I lived in Washington, D.C. in the late seventies. The JAB DC store was in a ground floor space not far from BB. The suits were hung on racks made of steel pipe. There was no attempt at decor. The clothes were generally the same design as Brooks, but at least 30% cheaper. They did not sell shoes when I shopped there. They did not have anything to compare to the Makers line, and their casual offerings were not as extensive. But for the bulk of your business wardrobe of sack suits, OCBD shirts and repp ties, JAB was great. They had a cut they called the Valley which was a three button sack. I ordered them after I left the area, but they stopped production of that model probably in the early 90's.


----------



## MKC (Sep 10, 2010)

Flanderian said:


> The original JAB was plenty TNSIL. It was viewed as, and was in fact a lower cost alternative to the Brooks of that era. Sacks were included as one of their major model offerings. And they were decent clothes! ... The current JAB has nothing to do with he earlier JAB except the name.
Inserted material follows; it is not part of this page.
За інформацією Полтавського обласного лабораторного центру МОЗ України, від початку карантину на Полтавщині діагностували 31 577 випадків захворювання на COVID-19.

When did it change, and for the less perceptive among us, are there simple signs -- different labels, for example -- to distinguish the old and good from the new and fused?


----------



## frosejr (Mar 27, 2010)

Tom Buchanan said:


> Yes, Bank's suits used to be made in Hampstead Maryland. Their original store was in downtown Baltimore. I heard stories that some people would drive out to Hampstead for deals at the factory.
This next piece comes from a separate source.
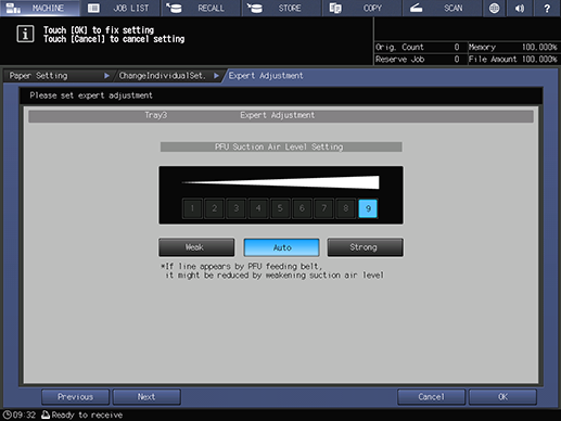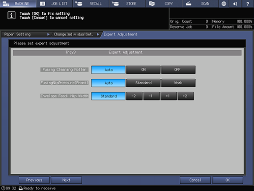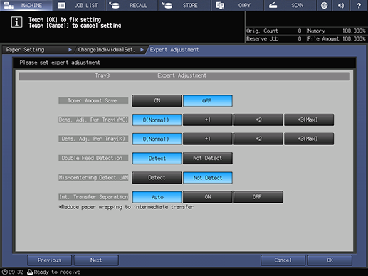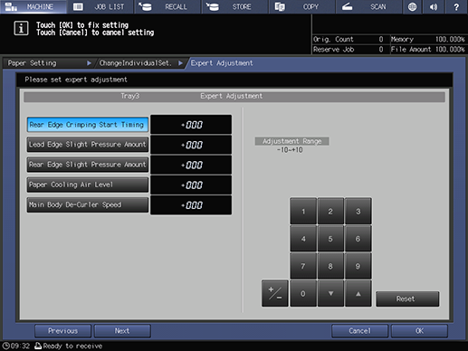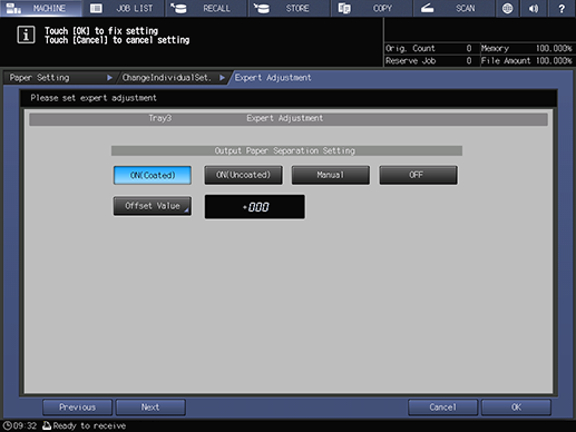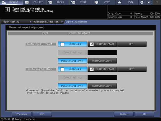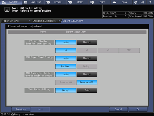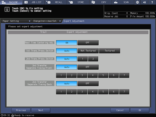 Touch panel - [MACHINE] - [Paper Setting] - [New Setting] - [Expert Adj.]

I went to one of their clearance sales at the Maryland State Fairgrounds in Timonium with my college roommate from Towson State. Would have been around 1986 or so. They had one whole building there loaded with outlet-type stuff - leftovers, odds & ends, returns, etc. I bought a pair of shorts and a pink OCBD. I didn't pay any attention to suits, but I remember there were racks and racks and racks of them. I also remember the deals being so good I wished I had not left so much of my money at Pimlico.


----------



## maximar (Jan 11, 2010)

Dammit! Anyone have a time machine? 

I don't know what they are thinking right now with their clothes. They look like those 3 for $250 suit in the malls.


----------



## Cardinals5 (Jun 16, 2009)

MKC said:


> When did it change, and for the less perceptive among us, are there simple signs -- different labels, for example -- to distinguish the old and good from the new and fused?


The standard "good" JAB label - doesn't always indicate a 3/2 sack, but the square red label with only "Jos A. Bank Clothiers" usually indicates their good years - often fully canvassed.
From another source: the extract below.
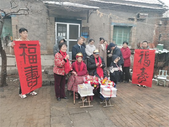 (撰稿:王文晓 记者:冯永军)2026年3月2日农历正月十四,这是一个特别的日子,早已立春的今天夜里下了一夜的雪,地上一片雪白,这场雪,可能是对冬天的留恋对春天的欢迎,让人心旷神怡,更是对一对百岁老寿星寿辰的祝福!女士刘素芬正好一百岁,先生张文化九十五岁,是一对恩爱的老夫妻。

A good label - mid-1980s or early 1990s (sometimes 1/2 canvas, 1/2 fused) - note the two buttons on the sleeve indicating a sack jacket









One of the best, old JAB labels - this one from a red cashmere 3/2 sack jacket.









For those interested, here are a couple of JAB sack jackets currently on eBay










40L 100% cashmere










44R 100% cashmere 3/2 sack


----------



## MKC (Sep 10, 2010)

Cardinals5 said:


> The standard "good" JAB label - doesn't always indicate a 3/2 sack, but the square red label with only "Jos A. Bank Clothiers" usually indicates their good years - often fully canvassed.


Thanks. Very helpful.


----------



## Flanderian (Apr 30, 2008)

indigo73 said:


> They had a cut they called the Valley which was a three button sack.


Yes, thanks for jogging my memory. Wasn't the 2 button called the Dover? I think I had a couple in the late '70's, a verny nice tan gabardine and a navy herringbone. Even though not a 3/2 sack, it was a very nice softly tailored jacket with natural shoulders.


----------



## Flanderian (Apr 30, 2008)

MKC said:


> When did it change, and for the less perceptive among us, are there simple signs -- different labels, for example -- to distinguish the old and good from the new and fused?


It was when they stopped making their own clothing and became just a retailer. I'm very uncertain when that happend but believe Cardinals5 has already provided the most useful information.


----------



## SammyH (Jan 29, 2014)

Cardinals5 said:


> The standard "good" JAB label - doesn't always indicate a 3/2 sack, but the square red label with only "Jos A. Bank Clothiers" usually indicates their good years - often fully canvassed.


yes, I have a red label Jos. Banks sport jacket and it's quite nice and softly tailored, etc.

Anyone know when they went to the proverbial dark side of things sartorial?


----------